I am trying to determine whether the vector functions
x1 = col(e^x, 2e^x, 3e^x) x2 = col(2e^2x, 4e^2x, 6e^2x) x3 = col(3e^3x, 6e^3x, 9e^3x)
are linearly independent over all real numbers x.
My instinct is that they are, but when I pose the question to WolframAlpha, it tells me otherwise, and I think it could be because it is interpreting x as a constant rather than a variable?
I know that when we use x = 0, we obtain 3 equations which effectively tell us only c1 + 2c2 + 3c3 = 0.
However, can we deduce nonzero constants from this fact that also work for all other x? Again, I think not, but Wolfram tells me otherwise.
Set the linear relation $c_1\mathbf{v}_1 + c_2\mathbf{v}_2 + c_3\mathbf{v}_3= 0$ with
$\mathbf{v}_1 = [e^x \quad 2e^{x} \quad 3e^{x}]^T$, $\quad$ $\mathbf{v}_2 = [2e^{2x} \quad 4e^{2x} \quad 6e^{2x}]^T$, $\quad$ $\mathbf{v}_3 = [3e^{3x} \quad 6e^{3x} \quad 9e^{3x}]^T$.
You will find that the only solution to the linear relation above is the trivial solution, $c_1 = c_2 = c_3 = 0$.
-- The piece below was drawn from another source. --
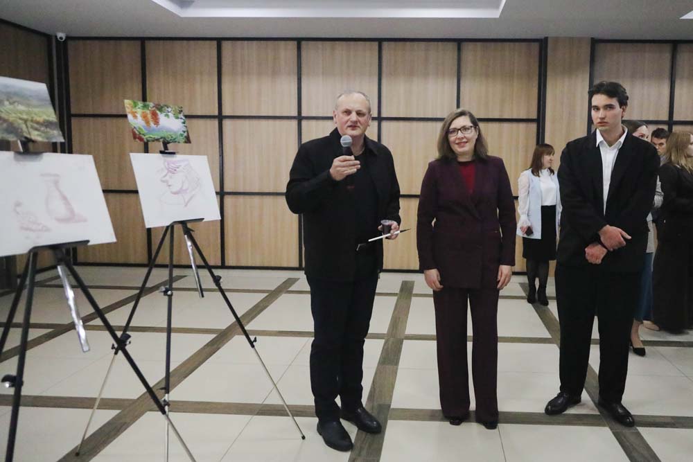 В честь творческого со-вернисажа для гостей праздничного мероприятия работала персональная выставка члена Союза художников России, старшего преподавателя кафедры теории, педагогики и методики начального образования и изобразительного искусства НИУ «БелГУ» Валерия Кузьминова.

Hence, the three vector functions $\mathbf{v}_1, \mathbf{v}_2, $ and $ \mathbf{v}_3$ are linearly independent, provided that $x \neq 0$. If $x$ were zero, one can find by inspection that $\mathbf{v}_1 + \mathbf{v}_2 - \mathbf{v}_3 = 0$, hence resulting in a nontrivial solution.
[Edit] My apologies, I should have thought about the condition when $x = 0$.
BHP